The most recent Cochrane review of 15 RCTs examined whether homocysteine-lowering interventions lowered the risk of cardiovascular diseases (CVD) among 71,422 adults with e.g., hypertension, low levels of high density lipoprotein (HDL) or high total cholesterol, and without established CVD. The study showed no effect of interventions from testing vitamins B9/folic acid, B6, or B12 supplements alone or in combination compared with placebo for preventing CVD [14]. A randomized double-blinded, placebo-controlled trial reported reduction in fasting glucose levels, insulin response to oral glucose, and intrahepatic triglyceride levels among adults with obesity and prediabetes (21–70 years) after supplementation with betaine (3300 mg twice daily for 10 days, followed 4950 mg twice daily for 12 weeks) compared to a placebo.
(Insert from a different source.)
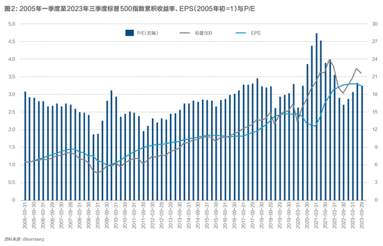 截至2023年三季度,标普500指数的累积收益率是260%,EPS相比2005年初增长了232%,指数的增长与EPS的增长相当,这表明标普500指数估值相对比较稳定,指数的上涨基本上来自EPS的增长。从图2中也可以看出来,标普500指数的走势与EPS的走势相当接近。

However, no effect was observed on HbA1c and insulin sensitivity was not improved after betaine treatment compared to a placebo [15].

In conclusion, supplementation with folate might be beneficial for reducing insulin resistance and fasting insulin, but folate alone or in combination with vitamins B6 and B12 supplements had no effect on HbA1c, fasting glucose, total cholesterol, triglycerides, low HDL, and systolic and diastolic blood pressure. A low plasma homocysteine concentration has been associated with reduced HbA1c and fasting glucose concentrations after folate supplementation. Betaine supplementation resulted in lowering triglyceride and fasting glucose levels, but had no effect on insulin sensitivity and HbA1c.

Further RCTs regarding the effects of single or multi-methyl donor nutrient supplementation on MetS components in children and adults are needed. Gaining a better understanding of epigenetic regulation of gene expression in MetS would be useful to guide future RCTs for nutritional interventions based on methyl-donor supplements that may alter the epigenetic marks of genes, thereby modulating the progression of MetS.